* _DATASET EXCERPTS_
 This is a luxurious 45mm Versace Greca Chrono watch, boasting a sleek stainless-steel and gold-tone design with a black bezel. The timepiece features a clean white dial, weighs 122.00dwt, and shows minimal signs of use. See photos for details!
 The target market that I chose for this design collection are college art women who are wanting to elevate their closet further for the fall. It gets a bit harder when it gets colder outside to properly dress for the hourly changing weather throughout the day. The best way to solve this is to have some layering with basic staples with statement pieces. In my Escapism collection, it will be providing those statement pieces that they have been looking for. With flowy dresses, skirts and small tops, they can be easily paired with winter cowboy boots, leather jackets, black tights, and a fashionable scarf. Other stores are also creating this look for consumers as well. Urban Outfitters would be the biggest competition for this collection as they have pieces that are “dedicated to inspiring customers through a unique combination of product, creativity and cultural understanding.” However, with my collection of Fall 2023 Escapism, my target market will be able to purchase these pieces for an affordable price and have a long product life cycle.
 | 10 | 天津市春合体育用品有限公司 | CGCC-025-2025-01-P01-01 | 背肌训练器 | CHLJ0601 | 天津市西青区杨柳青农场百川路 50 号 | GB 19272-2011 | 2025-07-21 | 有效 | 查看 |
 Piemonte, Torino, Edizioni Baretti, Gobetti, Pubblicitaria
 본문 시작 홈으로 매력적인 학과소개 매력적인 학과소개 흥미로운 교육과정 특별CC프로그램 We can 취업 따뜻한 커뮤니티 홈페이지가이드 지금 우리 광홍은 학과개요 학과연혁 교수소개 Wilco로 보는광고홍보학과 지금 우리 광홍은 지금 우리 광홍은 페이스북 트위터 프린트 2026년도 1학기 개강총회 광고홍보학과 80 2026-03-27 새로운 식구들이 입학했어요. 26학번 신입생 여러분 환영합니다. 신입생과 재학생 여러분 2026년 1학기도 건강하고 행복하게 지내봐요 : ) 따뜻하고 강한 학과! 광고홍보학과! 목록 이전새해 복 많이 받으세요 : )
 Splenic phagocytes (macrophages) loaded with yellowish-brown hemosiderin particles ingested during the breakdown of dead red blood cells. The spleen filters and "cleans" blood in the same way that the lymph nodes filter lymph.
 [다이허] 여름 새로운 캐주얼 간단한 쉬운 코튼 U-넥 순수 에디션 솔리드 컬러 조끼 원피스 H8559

* _EXERCISE AIM_
The required output is every line of the entries, starting at the one that contains "Splenic phagocytes (macrophages)" and ending at the last, copied exactly.

* _EXERCISE ANSWER_
 Splenic phagocytes (macrophages) loaded with yellowish-brown hemosiderin particles ingested during the breakdown of dead red blood cells. The spleen filters and "cleans" blood in the same way that the lymph nodes filter lymph.
 [다이허] 여름 새로운 캐주얼 간단한 쉬운 코튼 U-넥 순수 에디션 솔리드 컬러 조끼 원피스 H8559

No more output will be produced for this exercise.